## Instructions to follow
In the records below, find the line with "Caja externa de" and repeat exactly every line from it through the line with "11-Daļīgs Dārza Dīvāna". Pictures stay out.

## Records provided
○ ○ ○ ○ ○
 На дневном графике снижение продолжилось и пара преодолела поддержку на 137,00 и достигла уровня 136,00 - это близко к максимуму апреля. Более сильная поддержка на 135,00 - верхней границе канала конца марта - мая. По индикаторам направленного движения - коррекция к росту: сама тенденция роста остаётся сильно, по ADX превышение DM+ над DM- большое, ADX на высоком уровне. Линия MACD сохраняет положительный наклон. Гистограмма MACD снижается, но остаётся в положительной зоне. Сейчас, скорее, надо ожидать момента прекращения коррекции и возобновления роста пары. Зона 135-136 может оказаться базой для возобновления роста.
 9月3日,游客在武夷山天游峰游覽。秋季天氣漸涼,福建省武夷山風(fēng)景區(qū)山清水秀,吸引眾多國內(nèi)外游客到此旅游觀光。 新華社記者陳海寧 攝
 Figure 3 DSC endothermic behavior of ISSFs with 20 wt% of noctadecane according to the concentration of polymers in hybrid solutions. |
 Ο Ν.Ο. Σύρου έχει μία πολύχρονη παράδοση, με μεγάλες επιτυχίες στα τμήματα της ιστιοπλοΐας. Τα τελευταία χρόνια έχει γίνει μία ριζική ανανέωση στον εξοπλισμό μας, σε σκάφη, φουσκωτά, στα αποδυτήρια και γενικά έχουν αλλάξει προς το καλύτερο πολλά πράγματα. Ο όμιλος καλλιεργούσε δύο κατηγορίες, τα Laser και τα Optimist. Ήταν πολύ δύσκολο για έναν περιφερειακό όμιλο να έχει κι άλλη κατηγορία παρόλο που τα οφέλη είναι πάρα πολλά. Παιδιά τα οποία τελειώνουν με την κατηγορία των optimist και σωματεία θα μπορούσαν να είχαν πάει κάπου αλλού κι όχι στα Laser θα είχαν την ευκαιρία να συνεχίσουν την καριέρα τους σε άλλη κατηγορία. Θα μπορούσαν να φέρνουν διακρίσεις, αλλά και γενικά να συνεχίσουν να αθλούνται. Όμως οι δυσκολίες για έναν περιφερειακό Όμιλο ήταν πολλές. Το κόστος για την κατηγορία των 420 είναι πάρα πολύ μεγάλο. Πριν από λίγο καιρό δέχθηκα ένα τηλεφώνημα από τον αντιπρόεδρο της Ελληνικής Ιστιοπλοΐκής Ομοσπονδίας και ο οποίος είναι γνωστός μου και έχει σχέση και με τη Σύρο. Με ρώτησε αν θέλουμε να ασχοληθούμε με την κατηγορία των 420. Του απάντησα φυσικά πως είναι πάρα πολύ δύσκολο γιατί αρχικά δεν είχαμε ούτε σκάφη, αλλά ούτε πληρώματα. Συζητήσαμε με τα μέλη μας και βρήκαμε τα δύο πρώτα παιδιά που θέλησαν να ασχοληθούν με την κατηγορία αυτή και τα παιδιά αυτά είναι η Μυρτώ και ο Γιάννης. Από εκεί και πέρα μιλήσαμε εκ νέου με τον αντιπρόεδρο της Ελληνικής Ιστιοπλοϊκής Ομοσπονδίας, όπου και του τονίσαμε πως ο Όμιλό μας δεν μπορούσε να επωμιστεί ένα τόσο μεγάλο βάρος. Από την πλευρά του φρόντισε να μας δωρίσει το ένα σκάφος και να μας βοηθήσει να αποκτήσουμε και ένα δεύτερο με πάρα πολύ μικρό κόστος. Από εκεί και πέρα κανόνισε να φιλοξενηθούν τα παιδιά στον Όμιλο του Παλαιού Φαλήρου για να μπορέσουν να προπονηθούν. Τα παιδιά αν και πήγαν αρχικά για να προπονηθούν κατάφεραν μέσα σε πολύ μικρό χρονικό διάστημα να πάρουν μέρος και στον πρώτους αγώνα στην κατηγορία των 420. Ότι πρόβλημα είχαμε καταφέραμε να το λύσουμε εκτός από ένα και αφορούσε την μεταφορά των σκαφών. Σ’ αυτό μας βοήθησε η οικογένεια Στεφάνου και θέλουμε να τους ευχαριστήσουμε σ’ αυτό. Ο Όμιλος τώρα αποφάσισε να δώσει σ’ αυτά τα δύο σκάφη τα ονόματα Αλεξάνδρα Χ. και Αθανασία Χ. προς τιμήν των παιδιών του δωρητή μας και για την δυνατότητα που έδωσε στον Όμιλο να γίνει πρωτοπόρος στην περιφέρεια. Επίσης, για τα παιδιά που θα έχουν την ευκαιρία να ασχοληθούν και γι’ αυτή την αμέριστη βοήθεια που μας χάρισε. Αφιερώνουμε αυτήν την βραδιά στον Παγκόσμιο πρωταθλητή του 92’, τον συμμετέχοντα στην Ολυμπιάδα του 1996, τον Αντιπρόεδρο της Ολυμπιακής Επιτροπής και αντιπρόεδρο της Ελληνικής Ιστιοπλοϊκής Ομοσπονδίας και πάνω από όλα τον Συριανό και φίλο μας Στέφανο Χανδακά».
○ ○ ○ ○ ○
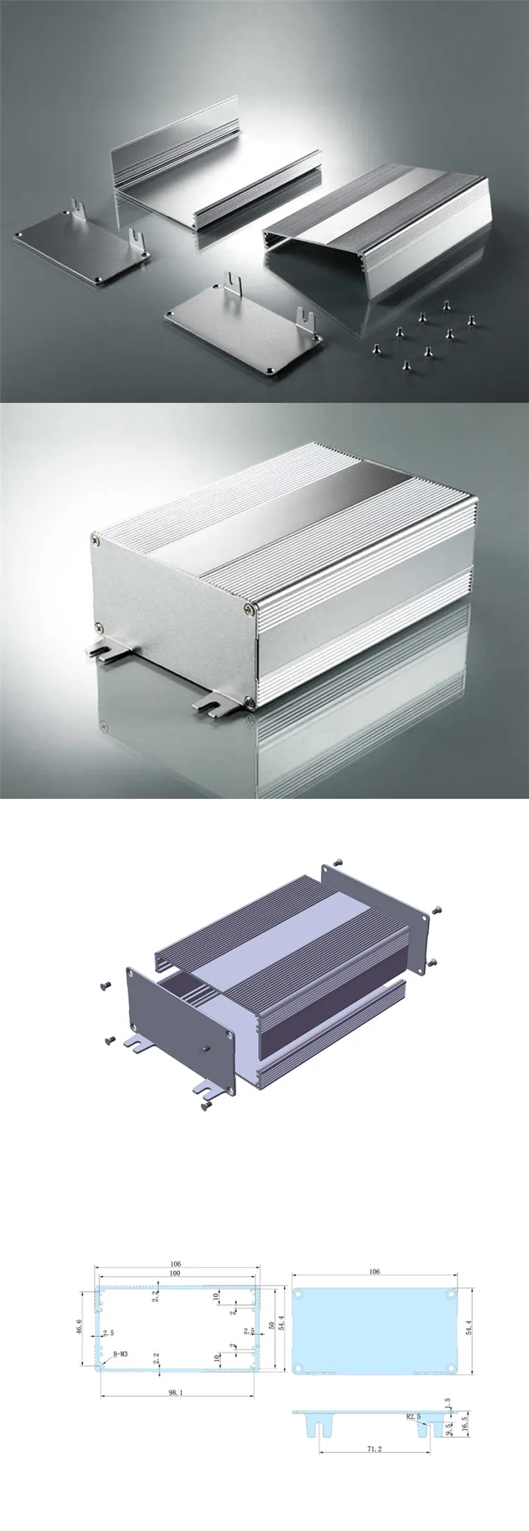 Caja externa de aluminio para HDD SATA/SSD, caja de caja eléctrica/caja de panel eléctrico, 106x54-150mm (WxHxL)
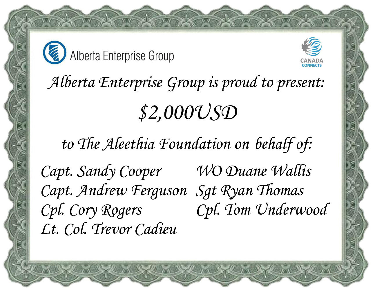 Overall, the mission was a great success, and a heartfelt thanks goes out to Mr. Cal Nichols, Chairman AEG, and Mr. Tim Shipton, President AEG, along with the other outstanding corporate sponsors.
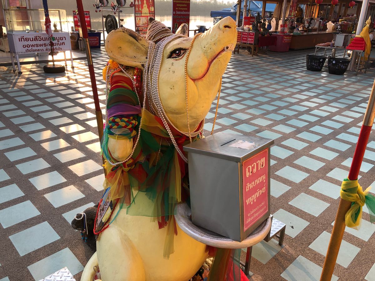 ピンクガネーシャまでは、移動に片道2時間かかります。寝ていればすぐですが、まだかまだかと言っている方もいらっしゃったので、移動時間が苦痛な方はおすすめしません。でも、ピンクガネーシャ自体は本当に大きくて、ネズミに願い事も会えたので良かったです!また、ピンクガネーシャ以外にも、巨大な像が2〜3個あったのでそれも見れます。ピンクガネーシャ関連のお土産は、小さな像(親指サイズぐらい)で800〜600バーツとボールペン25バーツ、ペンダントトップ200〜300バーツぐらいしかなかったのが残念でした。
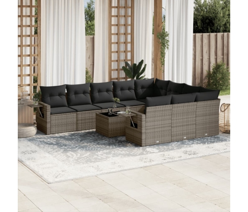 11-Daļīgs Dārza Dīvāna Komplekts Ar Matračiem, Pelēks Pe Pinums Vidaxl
○ ○ ○ ○ ○
## Reply
 Caja externa de aluminio para HDD SATA/SSD, caja de caja eléctrica/caja de panel eléctrico, 106x54-150mm (WxHxL)
 Overall, the mission was a great success, and a heartfelt thanks goes out to Mr. Cal Nichols, Chairman AEG, and Mr. Tim Shipton, President AEG, along with the other outstanding corporate sponsors.
 ピンクガネーシャまでは、移動に片道2時間かかります。寝ていればすぐですが、まだかまだかと言っている方もいらっしゃったので、移動時間が苦痛な方はおすすめしません。でも、ピンクガネーシャ自体は本当に大きくて、ネズミに願い事も会えたので良かったです!また、ピンクガネーシャ以外にも、巨大な像が2〜3個あったのでそれも見れます。ピンクガネーシャ関連のお土産は、小さな像(親指サイズぐらい)で800〜600バーツとボールペン25バーツ、ペンダントトップ200〜300バーツぐらいしかなかったのが残念でした。
 11-Daļīgs Dārza Dīvāna Komplekts Ar Matračiem, Pelēks Pe Pinums Vidaxl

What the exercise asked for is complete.